- Lobby Card
- Directed by: Melville W. Brown
- Screenplay by: William Scott Darling
- Story by: William Boehnel M. Helprin
- Produced by: M.H. Hoffman
- Starring: Esther Ralston Onslow Stevens Sidney Blackmer Toby Wing Edward Nugent Barbara Pepper
- Cinematography: Harry Neumann
- Edited by: Jack Ogilvie
- Production companies: M. H. Hoffman Republic Pictures
- Distributed by: Republic Pictures
- Release date: November 2, 1935;
- Running time: 66 minutes
- Country: United States
- Language: English

= Forced Landing (1935 film) =

1935 film by Melville W. Brown

Forced Landing is a 1935 American mystery film directed by Melville W. Brown and written by William Scott Darling. The film stars Esther Ralston, Onslow Stevens, Sidney Blackmer, Toby Wing, Edward Nugent and Barbara Pepper. Forced Landing was released on November 2, 1935, by Republic Pictures.

==Plot==
Al Talcott (Arthur Aylesworth) is released from prison after serving 15 years for helping to kidnap Jimmy Stafford (Kane Richmond), now an adult and in college. The warden assigns FBI agent Farraday (Onslow Stevens) to follow Al, the only member of the gang to know where the still-missing ransom money is found.

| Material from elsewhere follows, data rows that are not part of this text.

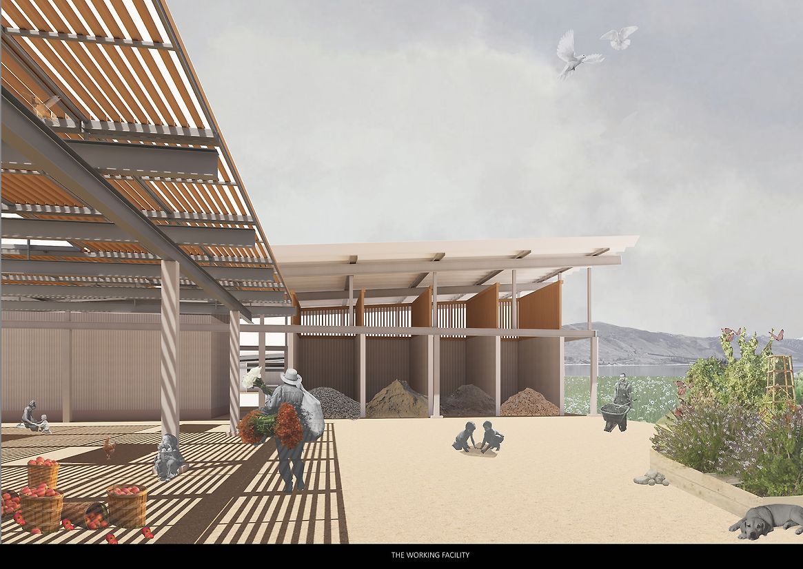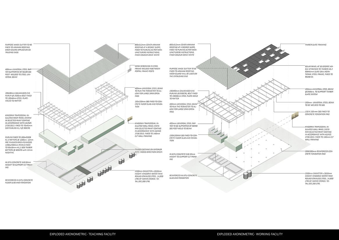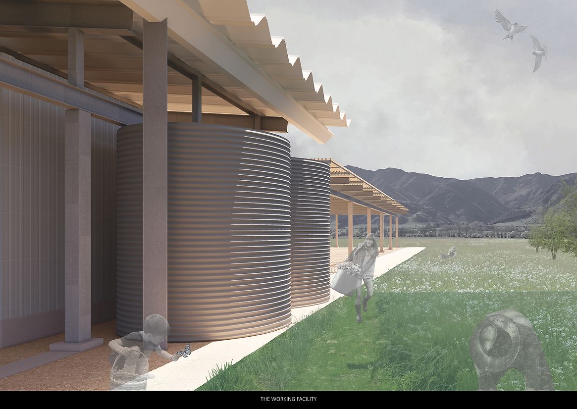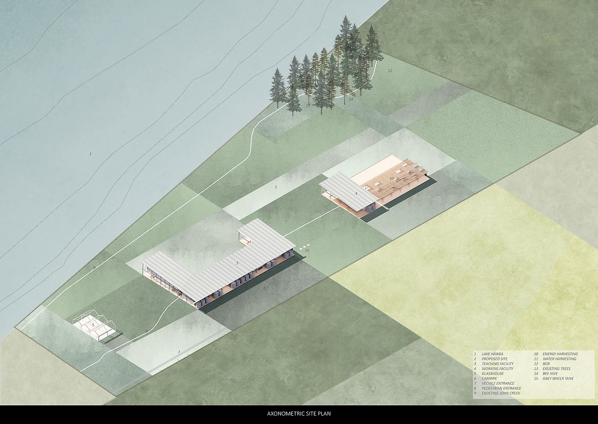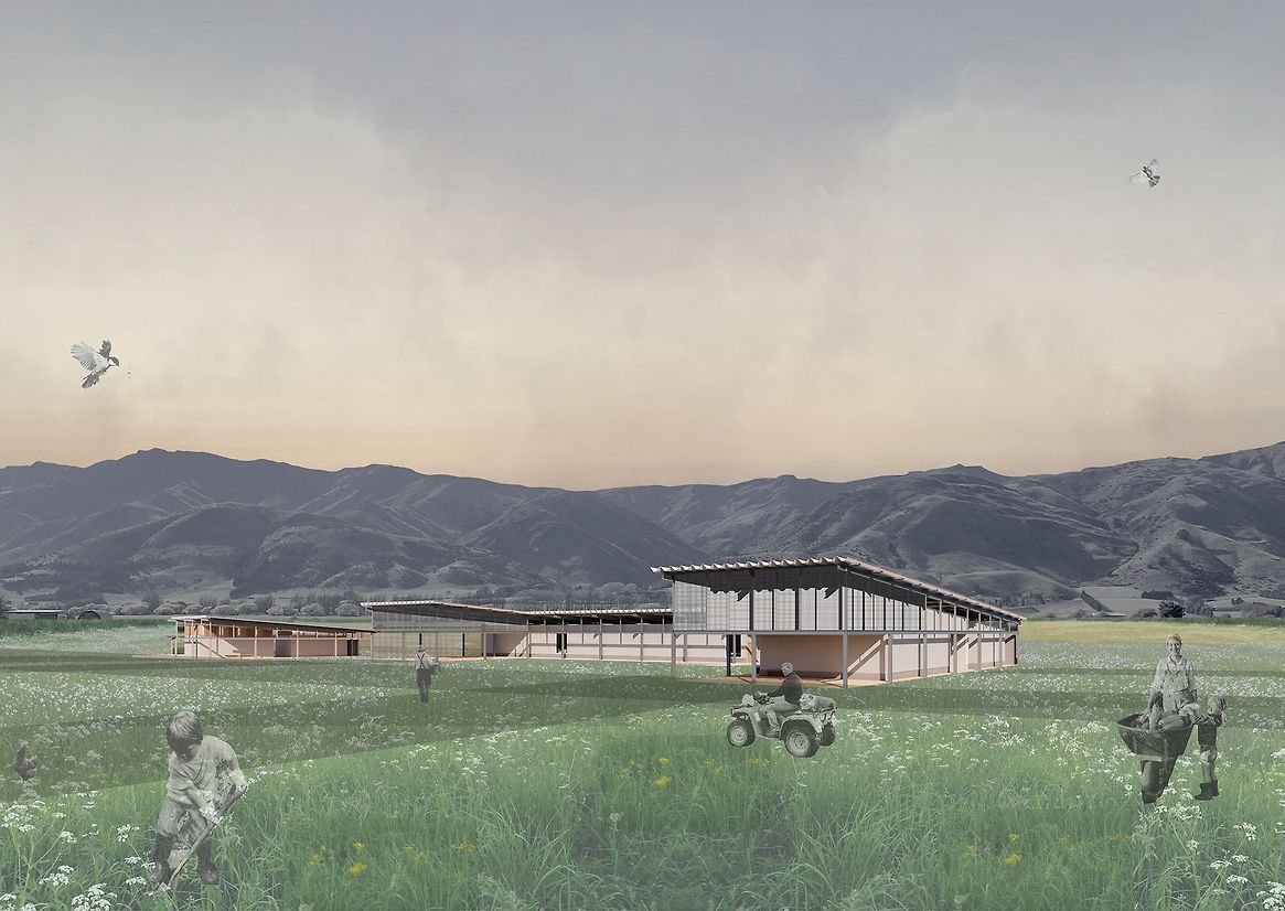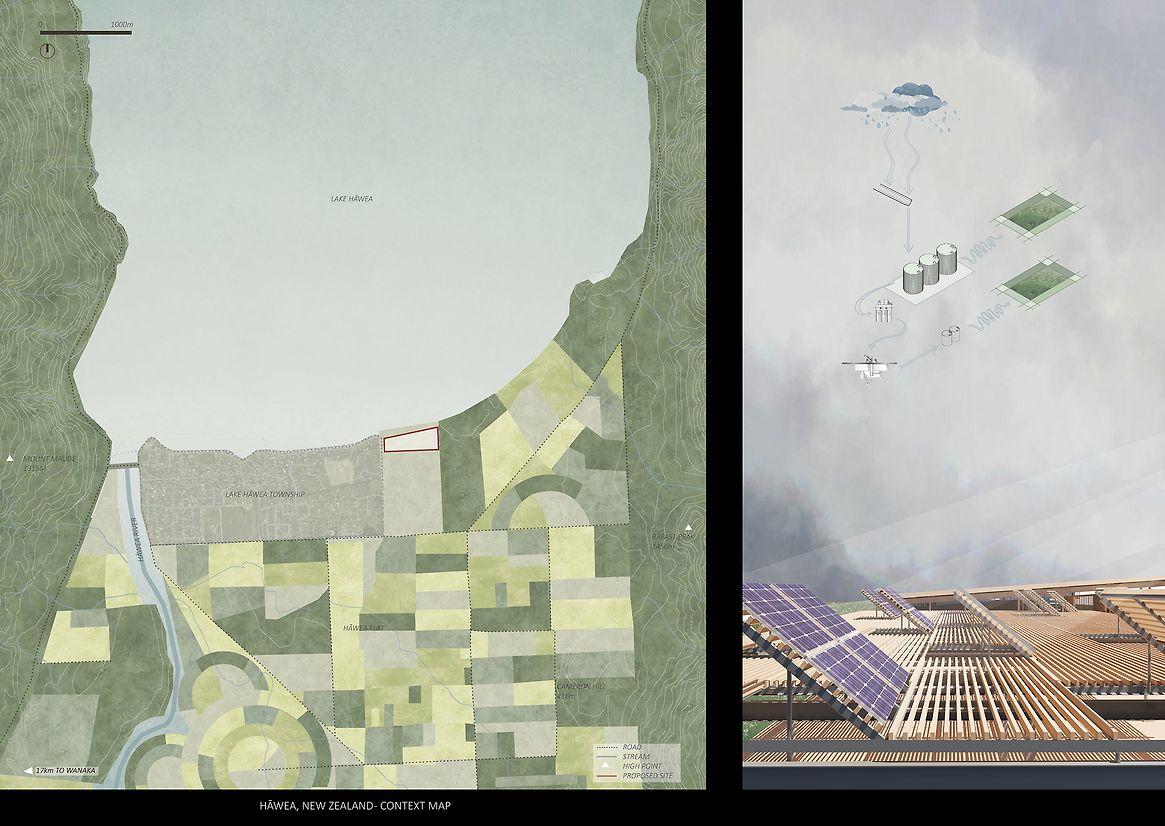 Grounded within the fertile, weathered landscapes of Hāwea, Central Otago, the Agricultural Centre emerges in response to a region in transition. Once shaped by its agricultural backbone, Hāwea is increasingly defined by lifestyle developments—vineyards, holiday homes, and seasonal residents—creating a growing disconnect between people and land. This project challenges that drift. It seeks to re-anchor agriculture as a shared cultural practice, not a distant backdrop, through an architecture that embraces climate, labour, and the rhythms of its environment. More than a building, the Agricultural Centre is a living vessel, a spatial and ecological system designed to reconnect people to the cycles that sustain them. It invites both locals and visitors to participate directly in food production, reframing agriculture not as a romanticised retreat but as an honest, cyclical process of cultivation, harvest, and stewardship. The centre works with, not against, the natural forces of its site—sun, wind, drought, and seasonality are not mitigated but integrated into every aspect of its form and function. At the core of the project is a circular educational model housed within the Teaching Facilities, five interconnected programmes that mirror the stages of the agricultural cycle. It begins in the propagation centre, where seeds are nurtured. Learners move through the crop field for hands-on experience, then into produce storage, a cooking and cafe area for sharing and celebration, and finally, a multipurpose space for community gatherings, workshops, and knowledge exchange. This spatial narrative forms a loop of learning, making the growing process visible, embodied, and participatory. Surrounding this heart is a mosaic of specialised spaces: three glasshouse units tuned to distinct climates, a farm shed for tools and labour, rotational composting bins that close the nutrient loop, and operational areas that enable daily function. Circulation moves through rather than around the site, intentionally exposing users to the elements. In doing so, the architecture reinforces a central belief: that agriculture is something to be lived, not merely observed. The centre’s design is deliberately stripped back—precise, exposed, and grounded in purpose. A reflective Aramax roof harvests rainwater into a series of visible tanks, storing up to ten weeks’ supply in anticipation of drought conditions projected for the region. Solar panels power daily activity. Seasonal shifts are not softened but embraced: in summer, the centre pulses with agricultural intensity; in winter, it slows for reflection and repair. These patterns become part of a built calendar—a way of telling time through weather, work, and growth. In essence, the Agricultural Centre is an anchor for reconnection. It restores the link between land, food, and community, not through nostalgia, but through grounded, generative experience. It nurtures a deep sense of place, offering both orientation and identity to those who walk its paths. Visitors come to know not just where they are, but who they are in relation to this special environment. In a region at risk of losing its rural heritage, the centre becomes a living system of resilience—architecture in rhythm with land, climate, and community.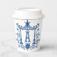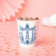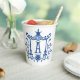 Ces tasses de monogramme de pagode chic sont parfaites pour divertir et faire un excellent cadeau d'hôtesse. Le design de la pagode et le monogramme sont en bleu marine sur blanc.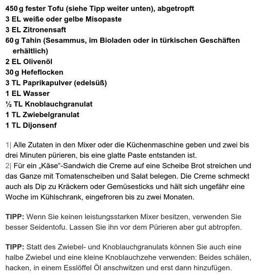 Canumarama hat geschrieben:Alleskönner-Paste à la Scott Jurek (Western-States-Streichkäse, Eat&Run, Seite 143) auf selbstgebackenen Brot mit gerösteten Sojakernen von Seeberger. Schmeckt morgens wie abends und auch ohne Hunger.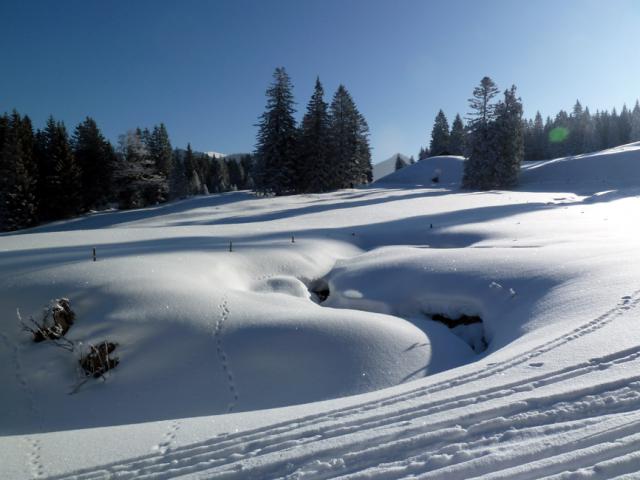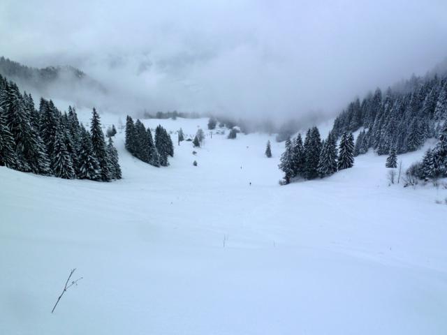Ich war heute "nur" zum Freeriden im Skigebiet Spotzingsee (Stümpgling / Sutten / Roßkopf) unterwegs. Unglaublich viel und toller Schnee! Bei diver´sen Varianten am Roßkopf-Nordhang habe ich den Pulver bis zu den Oberschenkeln vor mir hergeschoben. Es schneite heute Vormiitag unaufhörlich und sehr ergiebig, ca. 30-40 cm Neuschnee auf guter Unterlage. Traumhafte Verhältnisse, sofern die Lawinenlage Hangbefahrungen zulässt (Roßkopf in alle Richtungen war aufgrund vieler Befahrungen okay; teils waren die frischen Spuren nach einer Stunde wieder zugeweht). Vorsicht, teils recht stürmischer Wind mit Verfrachtungen. Das "Problem": Steil geht super (aber immer hübsch aufpassen), im flacheren Gelände dagegen bleibt man bei diesen Neuschneemengen schier stecken.

Farraday suspects that Al's old gang, headed by Tony Bernardi (Sidney Blackmer), also after Al. Bernardi calls Al's old girl friend, cabaret singer Ruby Anatole (Esther Ralston), who does not want anything to do with either of them. Ruby's lover, banker Martin Byrd (Willard Robertson), is going on a year-long second honeymoon with his wife and wants to end their affair.

Ruby decides to go to New York and coincidentally gets on the same aircraft as Martin, his wife, Al, Bernardi and Jimmy, who is eloping with his fiancée, Amelie Darrell (Toby Wing). Also aboard the aircraft are Farraday, Ruby's traveling companion, Steven Greer (Bradley Page), elderly Fanny Townsend (Julia Griffith), pilot Jim Redfern (Edward Nugent) and stewardess Nancy Rhodes (Barbara Pepper). During the flight, there is a storm and the aircraft is forced to land on a seldom used airstrip near an abandoned hotel. Everyone disembarks except Al, and when Nancy returns to get him, she discovers that he has been shot.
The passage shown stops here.